Cu Foil Modification By Ag Inkjet Printing for Improved Li Plating in Anode-Free Li Batteries

Abstract

The rush in the development of new generation of lithium-ion batteries (LIB) is focused on enhancing the specific energy of batteries by employing innovative materials and manufacturing techniques. Anode-free lithium metal batteries (AFLBs) are an emerging technology that can almost double the specific energy of LIBs by eliminating the conventional graphite negative electrode or excess lithium metal 1. However, AFLBs are well-known to suffer of fast capacity decay due to the poor lithium plating and stripping efficiency process associated to the typical porous growth of Li during charge 2. Tuning the interfacial electrochemistry was widely demonstrated to be one the most performing key to enable efficient and smooth Li deposition.
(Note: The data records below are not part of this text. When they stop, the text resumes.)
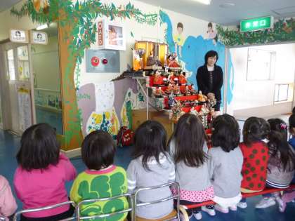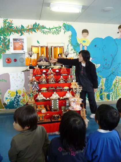 「この一番上におられるのがお内裏様」「これは五人囃子っていってね・・・」という説明を真剣に聞いている3歳児さんでした。
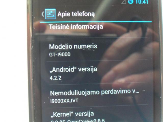 Samsung Galaxy S1 I9000 8GB vidinė atmintis su Android OS 4.2.2 Super AMOLED 4 colių (capactive) Gorilla Glass atspariu įbrėžimams ekranas (su plėvele), kurio raiška 480 x 800. Turi 5 MP vaizdo kamerą su automatinio fokusavimo galimybe, GPS imtuvą, „Wi-Fi” ir Bluetooth 3.0 bevielio ryšio modulius, 512 MB RAM, 2GB ROM. Komplekte pakrovėjas, USB laidas. Lietuviškas meniu. Kaina galutinė 300 lt.
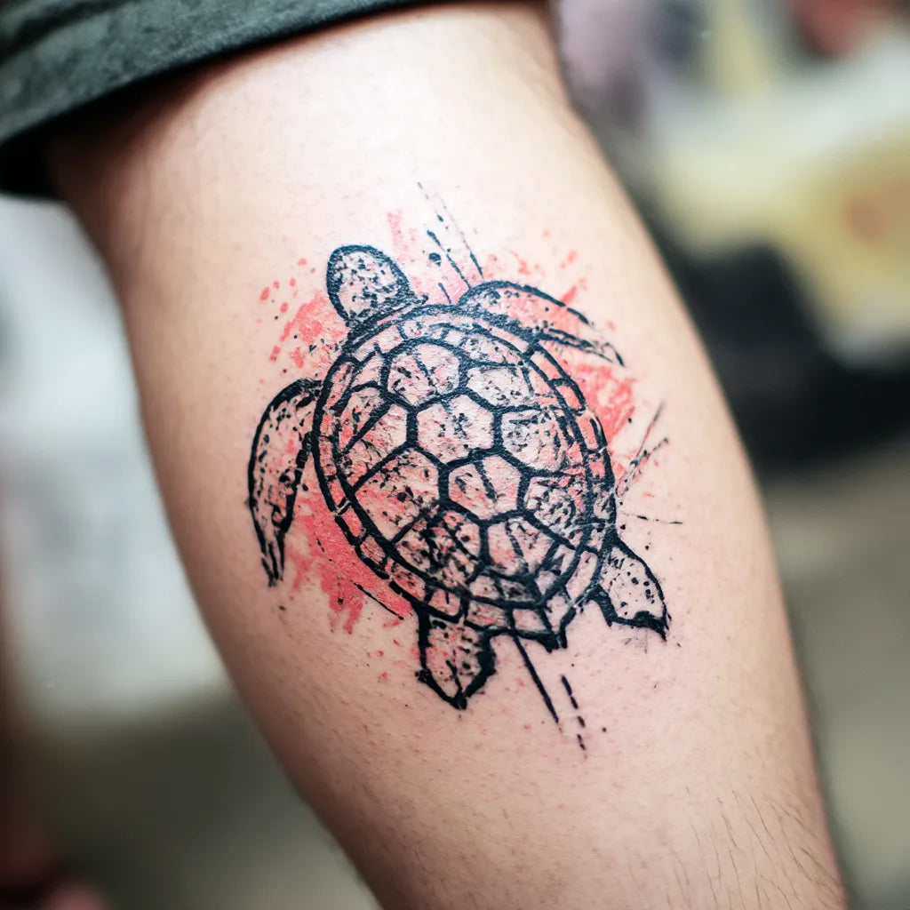 Trash Polka Turtle Tattoo
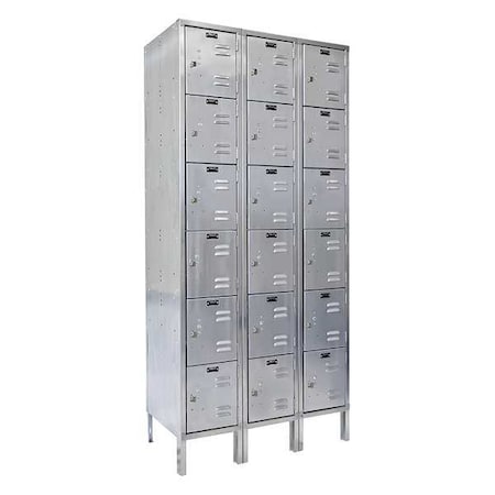 Hallowell USS3288-6A 304 Stainless Steel KD Locker, Assembled, 3-Wide Grouping, 6 Tier, 12" Opening Height, 78" Frame Height, 12" Width x 18" Depth
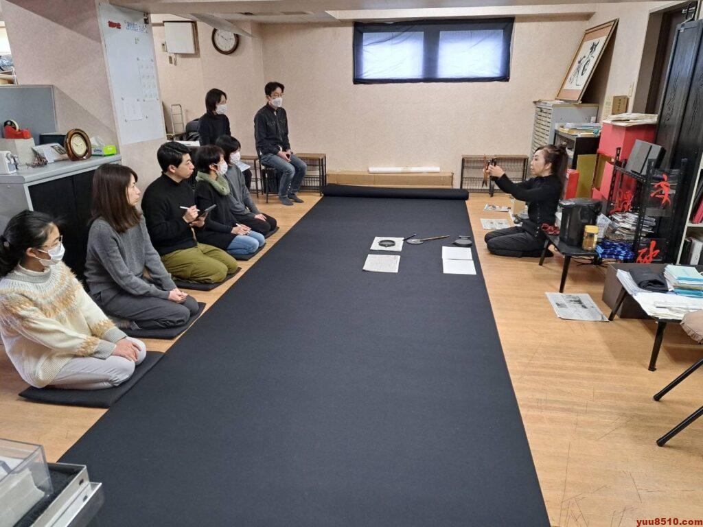 優美舎の「大筆大会」では、実際に大筆を使って書く前に、使う筆や道具の説明を行い、理解を深める時間を設けています。
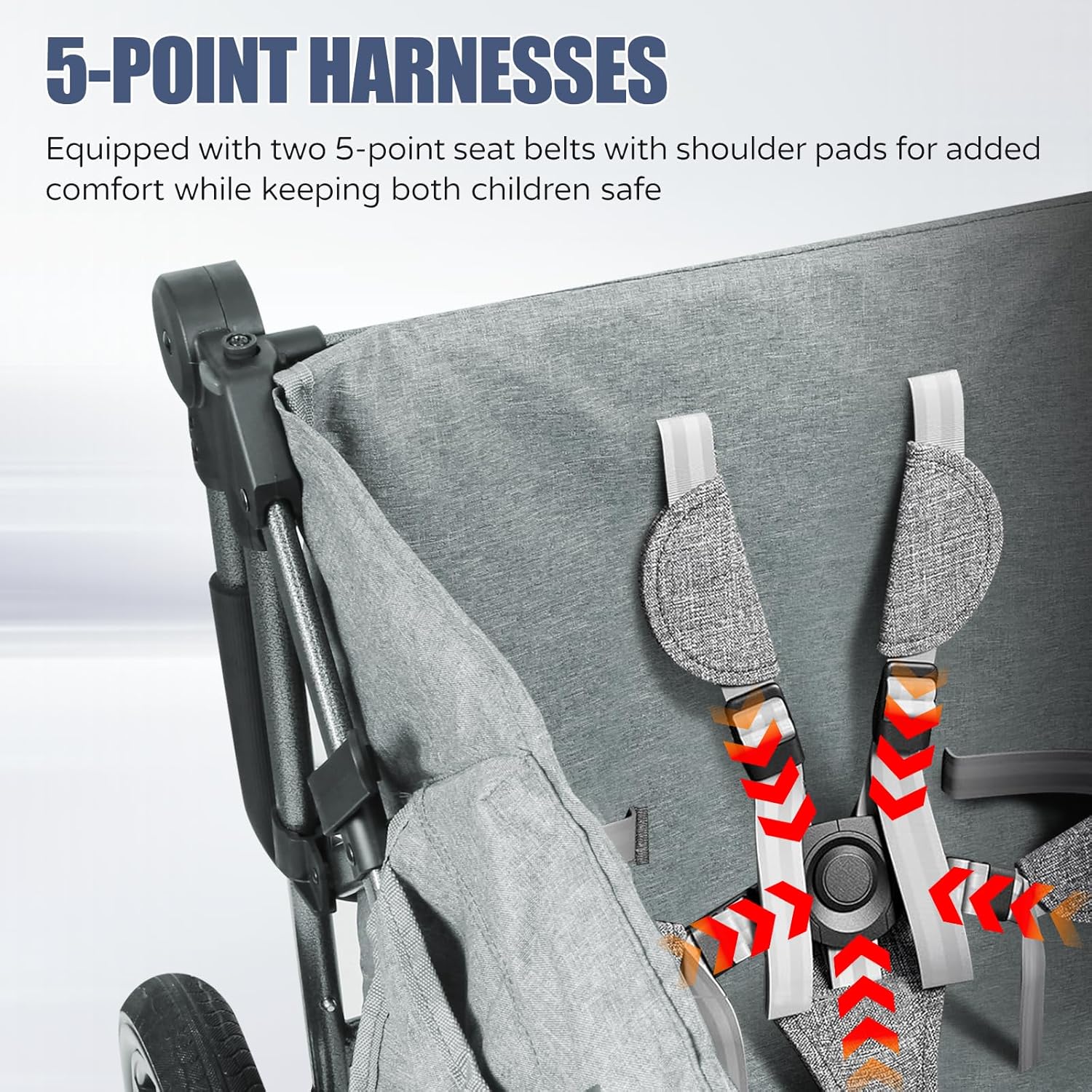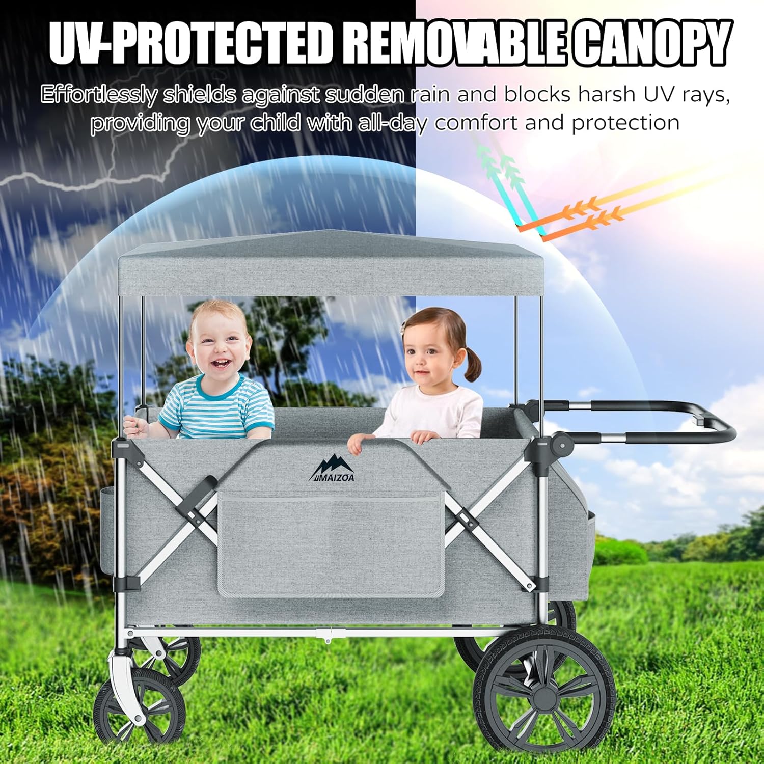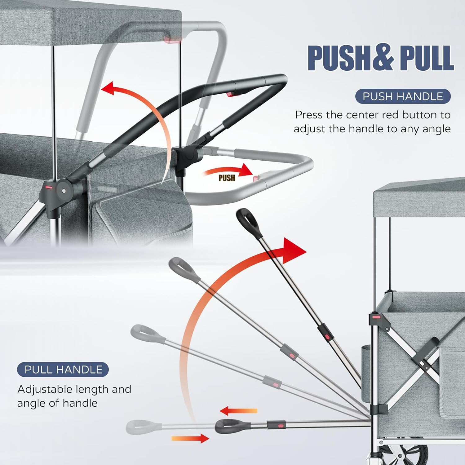 Specification: Foldable Wagons for Two Kids & Cargo, with 5-Point Harnesses,Adjustable Push/Pull Handle, Removable Sun Canopy, One-Step Locking Design, Suitable for Family Travel, Two Children Ride, Gift

In this regards, functional coatings of metals as Sn, Al, Zn and Ag have been widely demonstrated to dramatically improve the quality of Li plating process respect to the neat Cu foil substrate, by forming lithium-rich alloys that provide minimum Li nucleation overpotentials 3. Inkjet printing (IJP) could be a viable technique for electrode fabrication in LIBs manufacturing, being a quick, easy and scalable technology able to deposit both thin film and patterned structures 4. However, very poor attention has been paid so far to the potentiality of IJP for Cu modification for improved Li plating in AFLBs.In this work, we employed a Fujifilm Dimatix inkjet printer to achieve “lithiophilic” coatings of Ag nanoparticles deposited on a Cu foil. In particular, potenziodynamic and galvanostatic electrochemical test were employed to investigate the effect of the Ag printed structures on the Li nucleation overpotential. Ex-situ morphological analysis by electron scanning microscopy (SEM) were usefully employed to investigate the surface evolution of the printed electrodes during lithium alloying and plating. In particular, the effect pf patterned Ag structured rather than fully coated Cu was investigated, revealing that patterning can provide more mechanically robust electrode and efficient catalytic sites for Li electrodeposition respect to fully coated inkjet printed electrodes. Bibliography L. Lin et al., Advanced Materials, 34, 2110323 (2022).L. Su and A. Manthiram, Small Structures, 3, 2200114 (2022).X. Gu, J. Dong, and C. Lai, Engineering Reports, 3, e12339 (2021).P. Viviani, E. Gibertini, F. Iervolino, M. Levi, and L. Magagnin, Journal of Manufacturing Processes, 72, 411–418 (2021).